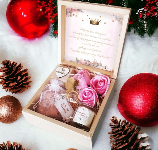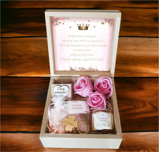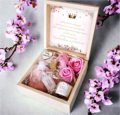 Całość ułożona na naturalnej wełnie drzewnej, prezentuje się wyjątkowo stylowo, czyniąc skrzynkę idealnym prezentem na urodziny dla każdej kobiety.
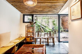 成都人的慢生活深入在每个人的骨子里,体现在生活的方方面面。这座悠闲的竹林传统庭院,爱彼迎房东给它取名为“竹涧”。屋内的一切设施几乎都由竹子制成,随处可见的桌椅板凳、竹灯、竹垫,甚至还有竹子制成的房顶,一切都是自然原本的样子,素雅而清新,让人一走进便能沉静下来。坐在屋内,看着眼前的一桌一椅,仿佛耳边能听到有潺潺溪水流过。奇妙的是,走出这里,会发现它其实坐落在热闹的玉林,这里是成都充满了烟火气息的市井之地,遍地的吃喝玩乐,酒吧众多,时尚小店林立,充满着成都独有的舒适而温暖的气息。
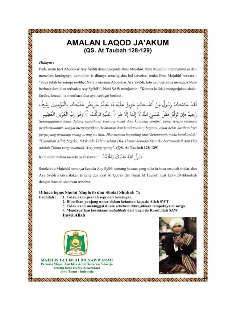 Doa Sholawat Dan Amalan Sunnah Rasulullah S A W Amalan Laqad Ja Akum Qs At Taubah 128 129
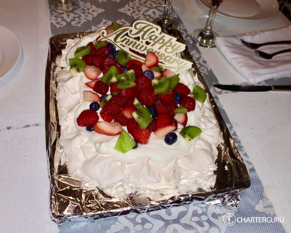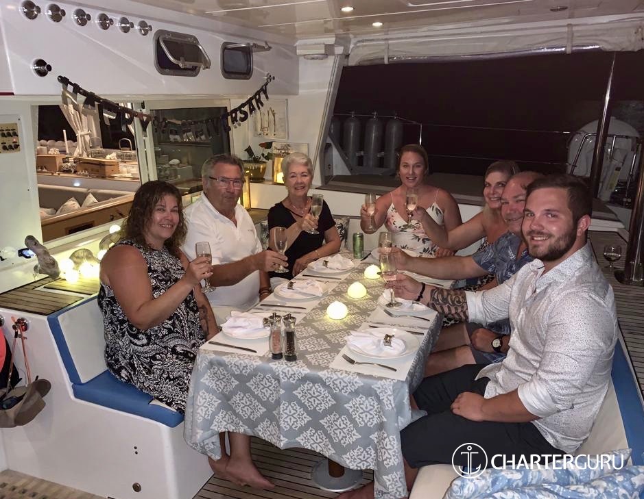 Thank you for making our 50th Wedding Anniversary so amazing! Katlyn is such a special boat and we will always remember our time with you. From quiet times to sundowners and Val’s amazing meals – all I can say is WOW! We loved watching your teamwork, Captain Doug and Val’s skills at guiding us to a buoy. Please come to south Carolina – free golf! ~ Ray and Pam
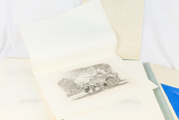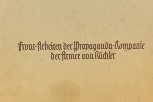 “Kampf und Kunst” a cura del Front Arbeiten der Propaganda Kompanie der armee von Kuchler. Cofanetto ( cm 39×29 ) con #60 stampe dedicate ai Kriegsberichter della Wehrmacht, durante l’avanzata sul Fronte Est. Personalizzazione da parte di un Feldwebel di una unità Sturmartillerie, con qualche sua foto, con i propri attributi di una sua giacca, aquila in Be-Vo “flatwire”,coppia di spalline e litzen, e inoltre con le decorazioni ricevute,KvK con Spade 1^ e 2^ Classe,EK di Seconda Classe, Ostmedaille e Ferita di terza classe. Tutto in buono stato di conservazione.
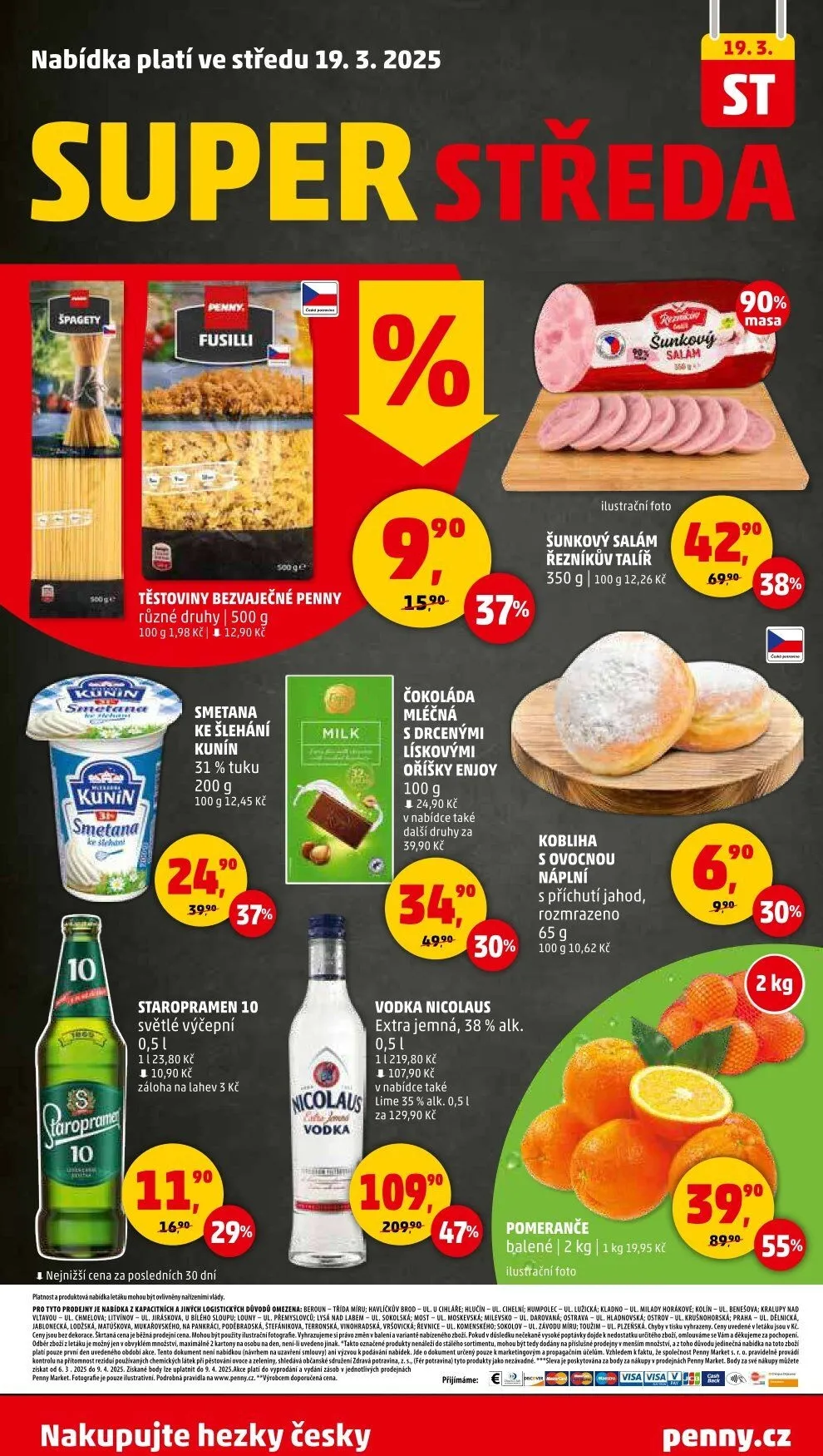 V letáku obchodu Penny Market na středu 19.3.2025 najdete širokou nabídku produktů za skvělé ceny. Mezi nimi jsou bezvaječné těstoviny Fusilu (500 g) za 100 g 9 Kč, smetana ke šlehání Kunín (200 g) za 100 g 12,45 Kč a světlé výčepní pivo Staropramen 10 (1 l) za 23,80 Kč.

TRY IT. Can you retype every record above exactly, leaving out the pictures?

RESPONSE.
 Całość ułożona na naturalnej wełnie drzewnej, prezentuje się wyjątkowo stylowo, czyniąc skrzynkę idealnym prezentem na urodziny dla każdej kobiety.
 成都人的慢生活深入在每个人的骨子里,体现在生活的方方面面。这座悠闲的竹林传统庭院,爱彼迎房东给它取名为“竹涧”。屋内的一切设施几乎都由竹子制成,随处可见的桌椅板凳、竹灯、竹垫,甚至还有竹子制成的房顶,一切都是自然原本的样子,素雅而清新,让人一走进便能沉静下来。坐在屋内,看着眼前的一桌一椅,仿佛耳边能听到有潺潺溪水流过。奇妙的是,走出这里,会发现它其实坐落在热闹的玉林,这里是成都充满了烟火气息的市井之地,遍地的吃喝玩乐,酒吧众多,时尚小店林立,充满着成都独有的舒适而温暖的气息。
 Doa Sholawat Dan Amalan Sunnah Rasulullah S A W Amalan Laqad Ja Akum Qs At Taubah 128 129
 Thank you for making our 50th Wedding Anniversary so amazing! Katlyn is such a special boat and we will always remember our time with you. From quiet times to sundowners and Val’s amazing meals – all I can say is WOW! We loved watching your teamwork, Captain Doug and Val’s skills at guiding us to a buoy. Please come to south Carolina – free golf! ~ Ray and Pam
 “Kampf und Kunst” a cura del Front Arbeiten der Propaganda Kompanie der armee von Kuchler. Cofanetto ( cm 39×29 ) con #60 stampe dedicate ai Kriegsberichter della Wehrmacht, durante l’avanzata sul Fronte Est. Personalizzazione da parte di un Feldwebel di una unità Sturmartillerie, con qualche sua foto, con i propri attributi di una sua giacca, aquila in Be-Vo “flatwire”,coppia di spalline e litzen, e inoltre con le decorazioni ricevute,KvK con Spade 1^ e 2^ Classe,EK di Seconda Classe, Ostmedaille e Ferita di terza classe. Tutto in buono stato di conservazione.
 V letáku obchodu Penny Market na středu 19.3.2025 najdete širokou nabídku produktů za skvělé ceny. Mezi nimi jsou bezvaječné těstoviny Fusilu (500 g) za 100 g 9 Kč, smetana ke šlehání Kunín (200 g) za 100 g 12,45 Kč a světlé výčepní pivo Staropramen 10 (1 l) za 23,80 Kč.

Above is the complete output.